According to the technical scheme, the reverse adhesion of the polyvinyl alcohol back coating emulsion is improved by grafting the polyvinyl alcohol with the waterborne polyurethane, the defect of poor leveling is overcome, and the excellent water retention performance and barrier property of the polyvinyl alcohol are maintained, so that the paper product is ensured to be moisturized, and the hardened adhesion caused by high temperature in summer is avoided.
The technical solutions of the present invention are further illustrated by the following specific examples, however, the selected examples are merely representative of the numerous examples and are not meant to limit the scope of the present invention.

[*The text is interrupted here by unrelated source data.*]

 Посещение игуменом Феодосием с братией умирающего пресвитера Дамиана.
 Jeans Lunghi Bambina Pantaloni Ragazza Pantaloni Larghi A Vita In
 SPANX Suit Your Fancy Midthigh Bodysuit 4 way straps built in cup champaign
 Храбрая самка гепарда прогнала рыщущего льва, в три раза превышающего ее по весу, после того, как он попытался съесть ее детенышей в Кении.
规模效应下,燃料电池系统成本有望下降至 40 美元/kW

In addition, unless otherwise specified, the raw materials, catalysts, reagents and equipment in the following examples are commercially available and conventional in the art, and the technical means of heating, stirring and material transfer in the following examples are conventional in the art.
Example 1
This example illustrates a process for preparing a moisturizing emulsion for paper products, as follows:
adding phthalic anhydride polyalcohol and dimethylolpropionic acid into a reaction kettle, wherein the molar number of the phthalic anhydride polyalcohol is 100 parts, the dimethylolpropionic acid is 210 parts, heating to 110 ℃, and reacting for 2 hours.

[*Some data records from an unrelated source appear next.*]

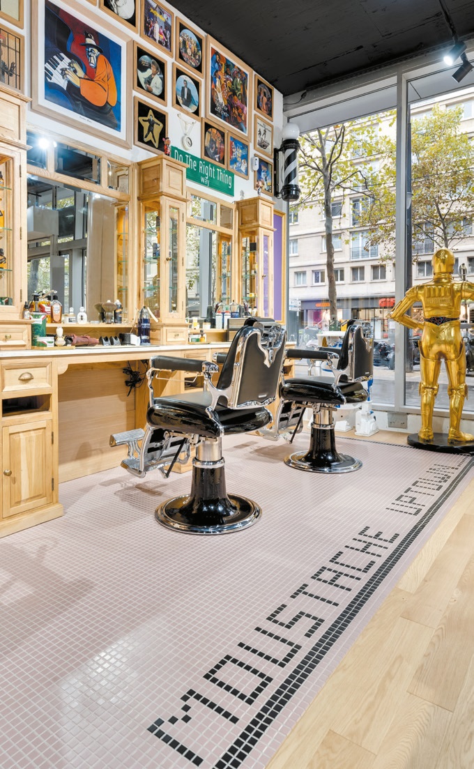 Chez les hommes, place à la contemplation : on passe des magnifiques fauteuils de barbier Takara Belmont à la convivialité et la curiosité des murs tapissés de cadres remplis de pochettes de disque de Prince ou de Michaël Jackson, d’affiches de films, d’instruments de musique – guitare, saxophone –, d’éléments d’anciennes voitures ou encore de photos de stars d’Hollywood. « Samir est un grand passionné de Funky Music. Il collectionne pas mal de trucs. Dans la vitrine, il y a aussi quelques références à Star Wars comme cette figurine grandeur nature de C-3PO ou de R2D2 », souligne Sonia. Le tableau serait incomplet si l’on n’évoquait pas la présence du piano à queue en plein milieu du salon.
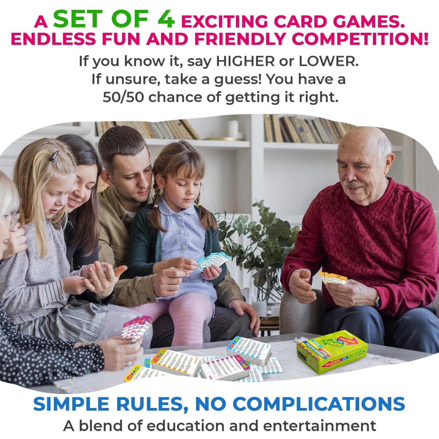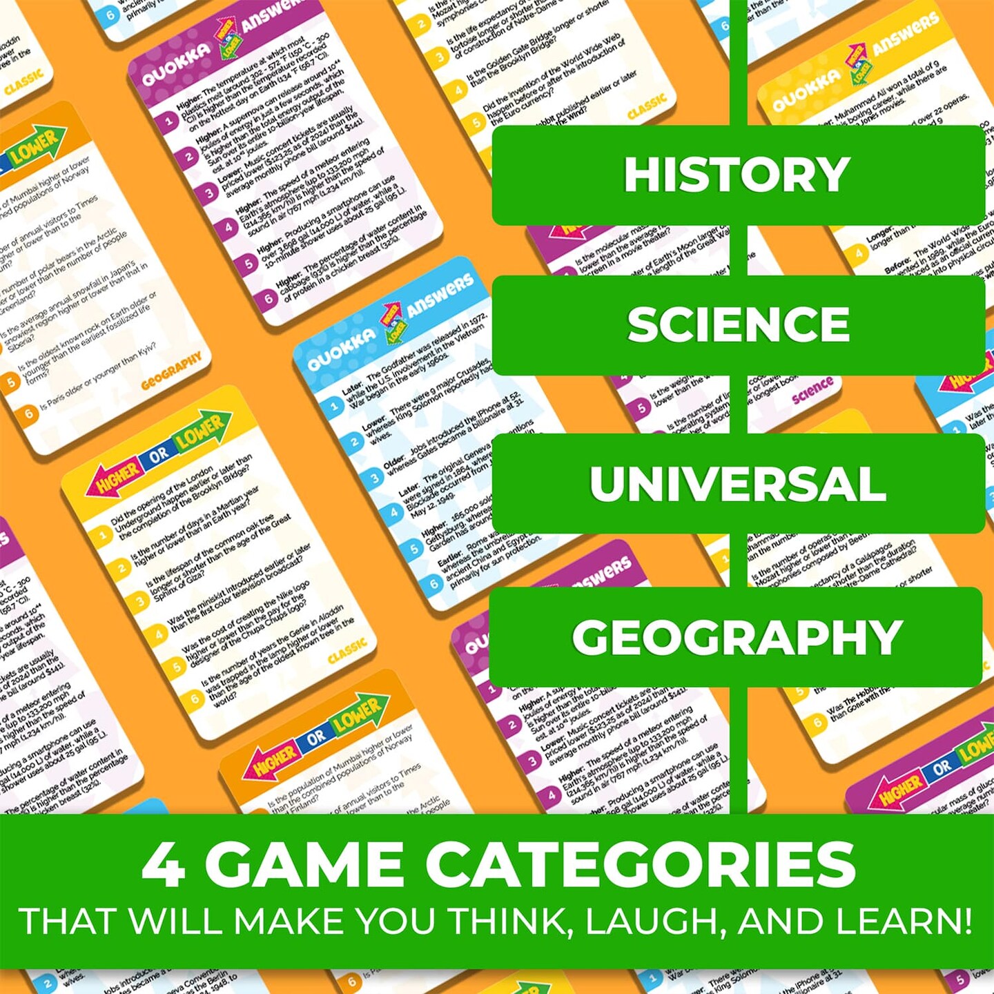 QUOKKA Trivia Board Games for Kids and Adults - Family Night Board Game Cards 4xSet Higher or Lower | Guess Fun Questions | Easy to Learn | 2 + Players - Challenge History, Science, Geography & More
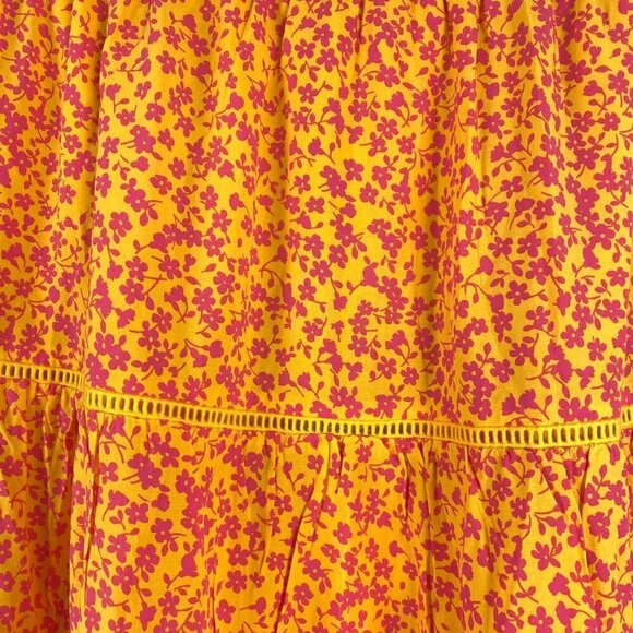 J. Crew Tiered Pull On Midi Skirt Medium Tossed Bouquet Print Floral Boho NWT
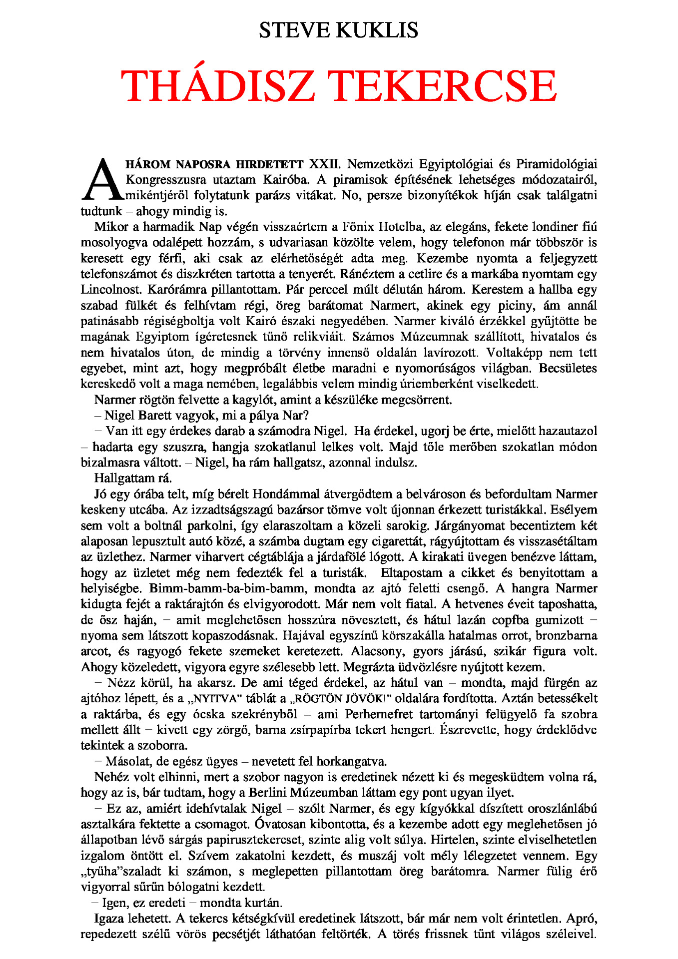 - Miért mennénk? Talán valakinek a magántelkén vagyunk? Egyáltalán ki vagy te? - kérdezte Tibor, és felállt. Ugyan olyan magas volt, mint a jövevény. Tibor erősnek, számomra már túlzottan erősnek számított köztünk, de vonalai a közelébe sem jártak a fejszés fiúnak. Volt valami ősi az érkező megjelenésében. Valami nyers, mégis védelmező. Talán az ókori görögök, vagy rómaiak álmodhatták meg isteneiket ilyen formára. Megleptek saját gondolataim. Lehet, hogy a különös hely és a szobrokkal teli csarnok hoztak ki belőlem spirituális gondolatokat? Világomban nem volt helye ilyesminek. A modern technika csodái vettek körül, néha már gondolkodnom sem kellett, megoldottak helyettem mindent. És itt voltak a barátaim is, akikre minden pillanatban számíthattam. Főleg Gábor. Mindenhez értett, amire szüksége lehetett egy mai tizenhét évesnek.
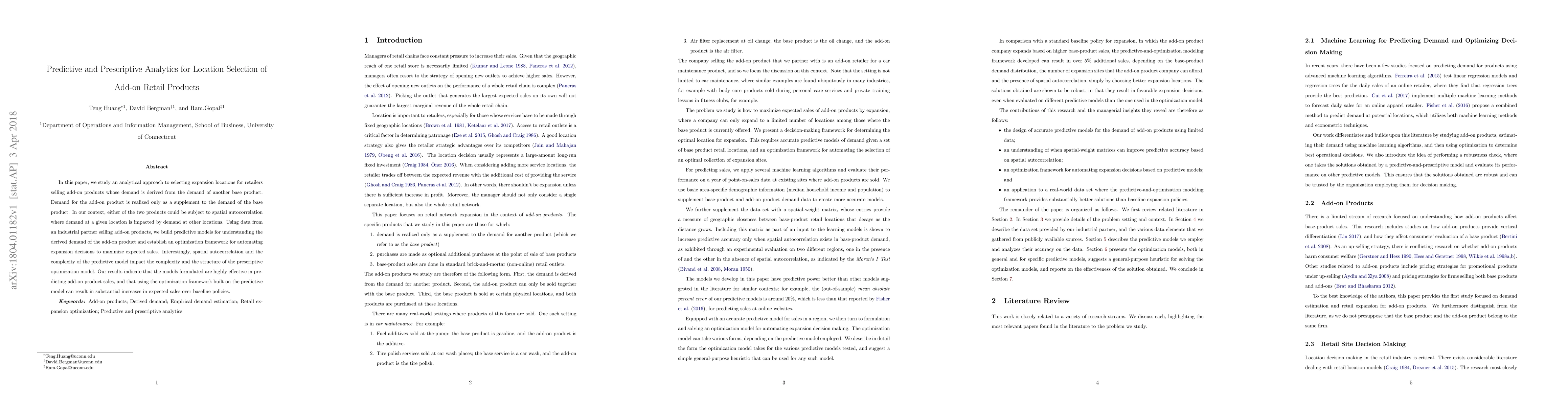 In this paper, we study an analytical approach to selecting expansion locations for retailers selling add-on products whose demand is derived from the demand of another base product. Demand for the add-on product is realized only as a supplement to the demand of the base product. In our context, either of the two products could be subject to spatial autocorrelation where demand at a given location is impacted by demand at other locations. Using data from an industrial partner selling add-on products, we build predictive models for understanding the derived demand of the add-on product and establish an optimization framework for automating expansion decisions to maximize expected sales. Interestingly, spatial autocorrelation and the complexity of the predictive model impact the complexity and the structure of the prescriptive optimization model. Our results indicate that the models formulated are highly effective in predicting add-on product sales, and that using the optimization framework built on the predictive model can result in substantial increases in expected sales over baseline policies.

After the reaction is finished, when the temperature is reduced to about 40 ℃, 110 parts of toluene diisocyanate is added, the temperature is raised to 70 ℃, and the reaction is carried out for 1 hour.
Adding a commercially available organic bismuth catalyst (DY-20) with the addition amount of 1 percent of the total mass of the reaction system, and heating to 80 ℃ for reaction for 2 hours.
After the reaction is finished, cooling to about 40 ℃, adding a proper amount of acetone, and then heating to 70 ℃ to continue the reaction for 8 hours.
Preparing 10wt% of polyvinyl alcohol solution, adding triethylamine in an amount of 2 wt% and 2 wt% of the graft polymer (the mass of the graft polymer cannot be accurately obtained because the graft polymer is co-dissolved with acetone), heating the graft polymer in an emulsifying cylinder to 70 ℃, and reacting for 3 hours.
Heating is then continued for 2h at 70 ℃ to remove the acetone, although in other embodiments higher temperatures and longer times may be used to remove the acetone.
Finally obtaining the paper product moisturizing emulsion.
Example 2
This example illustrates a process for preparing a moisturizing emulsion for paper products, which is specifically shown below:
adding phthalic anhydride polyalcohol and dimethylolpropionic acid into a reaction kettle, wherein the molar number of the phthalic anhydride polyalcohol is 100 parts, the dimethylolpropionic acid is 230 parts, heating to 130 ℃, and reacting for 0.5h.
After the reaction is finished, when the temperature is reduced to about 40 ℃, 140 parts of toluene diisocyanate is added, the temperature is raised to 75 ℃, and the reaction is carried out for 0.5h.
Adding a commercial organic bismuth catalyst (DY-20) with the addition amount of 3 percent of the total mass of the reaction system, and heating to 85 ℃ for reaction for 0.5h.
After the reaction is finished, cooling to about 40 ℃, adding a proper amount of acetone, then heating to 75 ℃ and continuing the reaction for 5 hours.
Preparing 15wt% of polyvinyl alcohol solution, then adding triethylamine in a mass ratio of 5% into the polyvinyl alcohol solution, and adding 1 wt% of the graft polymer in a mass ratio (the mass of the graft polymer cannot be accurately obtained because the graft polymer is dissolved with acetone, in the invention, the mass of the graft polymer is calculated by the total mass of the materials added, namely the total mass of the phthalic anhydride polyol, the dimethylolpropionic acid and the toluene diisocyanate), heating the mixture to 75 ℃ in an emulsifying cylinder, and reacting for 2 hours.
Heating is then continued for 5h at 60 ℃ to remove the acetone, although in other embodiments higher temperatures and longer times may be used to remove the acetone.
Finally obtaining the paper product moisturizing emulsion.
Example 3
This example illustrates a process for preparing a moisturizing emulsion for paper products, as follows:
adding phthalic anhydride polyalcohol and dimethylolpropionic acid into a reaction kettle, wherein the molar number of the phthalic anhydride polyalcohol is 100 parts, the dimethylolpropionic acid is 210 parts, heating to 120 ℃, and reacting for 1h.
After the reaction is finished, when the temperature is reduced to about 40 ℃, 130 parts of toluene diisocyanate is added, the temperature is raised to 70 ℃, and the reaction is carried out for 1 hour.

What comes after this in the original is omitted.